**PROVIDED MATERIAL**
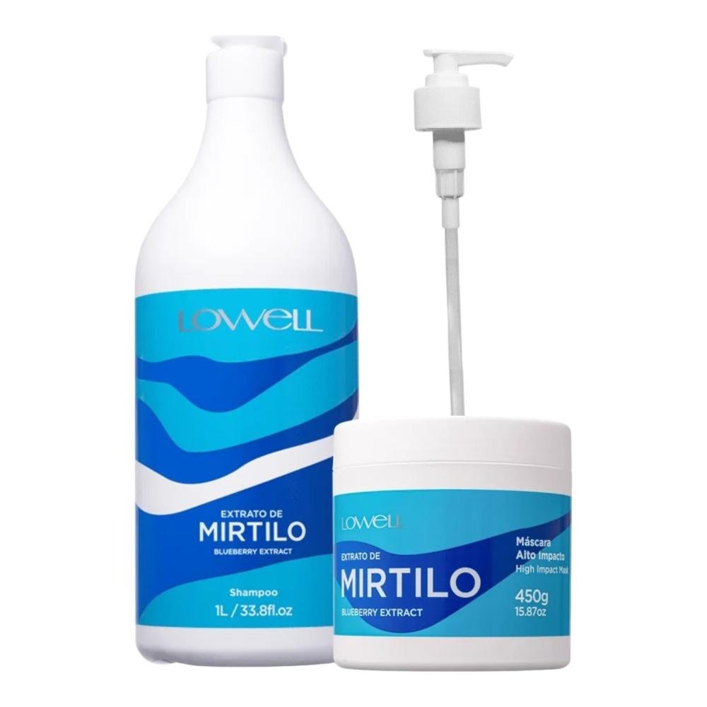 Kit Lowell Extrato de Mirtilo Shampoo 1 Litro e Máscara 450g + Válvula PUMP
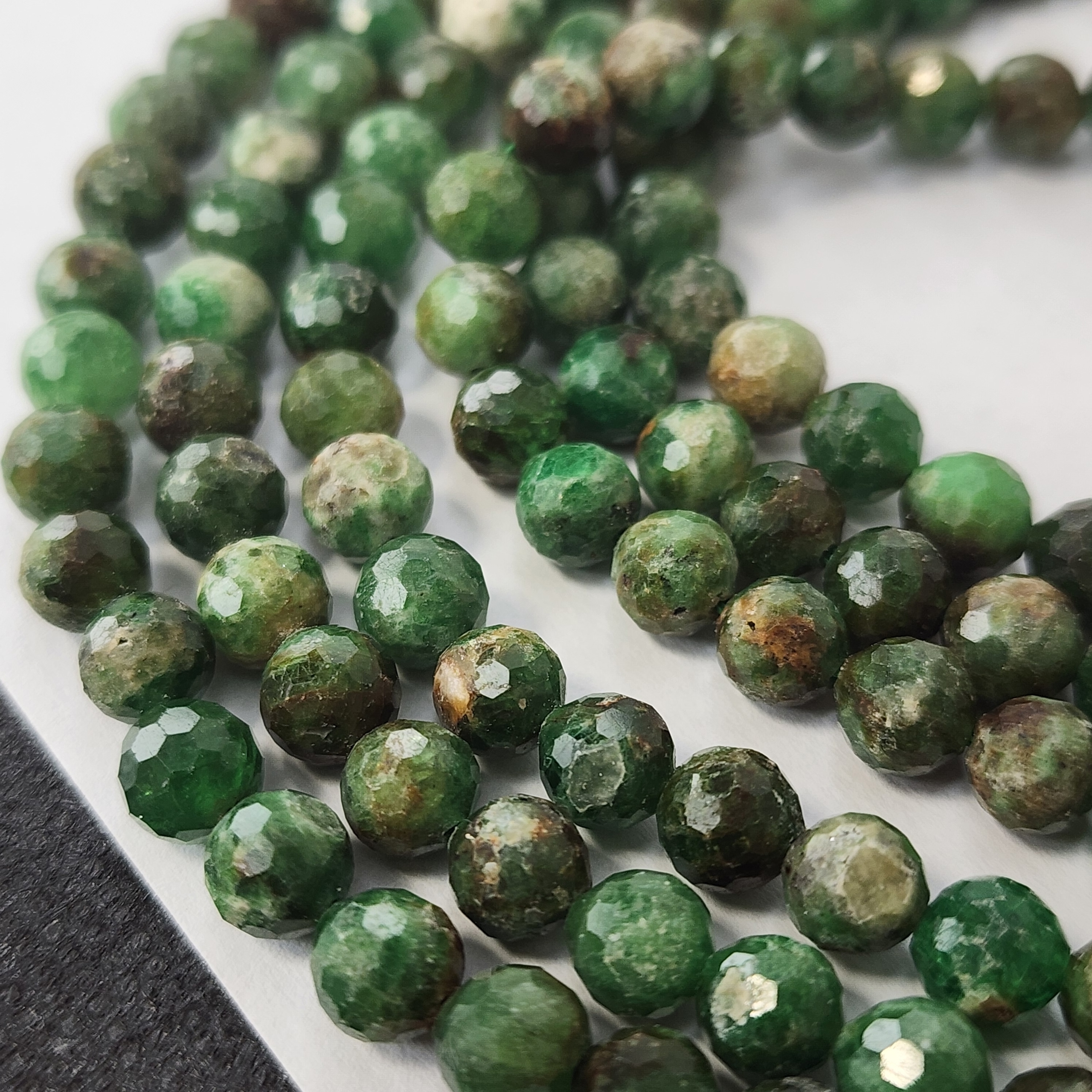 Цаворит — редкий и ценный вид граната зелёного оттенка, который часто сравнивают с изумрудом из-за схожести цвета, средний размер 6.3 - 6.5мм, шар с огранкой.
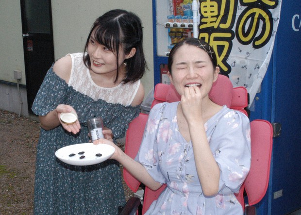 Hai người nổi tiếng địa phương là Rika Miyaki (trái) và Akari Tsukamoto (phải) cũng đến nếm thử sản phẩm từ chiếc máy (Ảnh: Yoshinobu Itakura)

**TRY IT**
The pictures in the listing above are to be dropped, and everything else reproduced exactly.

**ANSWER BOX**
 Kit Lowell Extrato de Mirtilo Shampoo 1 Litro e Máscara 450g + Válvula PUMP
 Цаворит — редкий и ценный вид граната зелёного оттенка, который часто сравнивают с изумрудом из-за схожести цвета, средний размер 6.3 - 6.5мм, шар с огранкой.
 Hai người nổi tiếng địa phương là Rika Miyaki (trái) và Akari Tsukamoto (phải) cũng đến nếm thử sản phẩm từ chiếc máy (Ảnh: Yoshinobu Itakura)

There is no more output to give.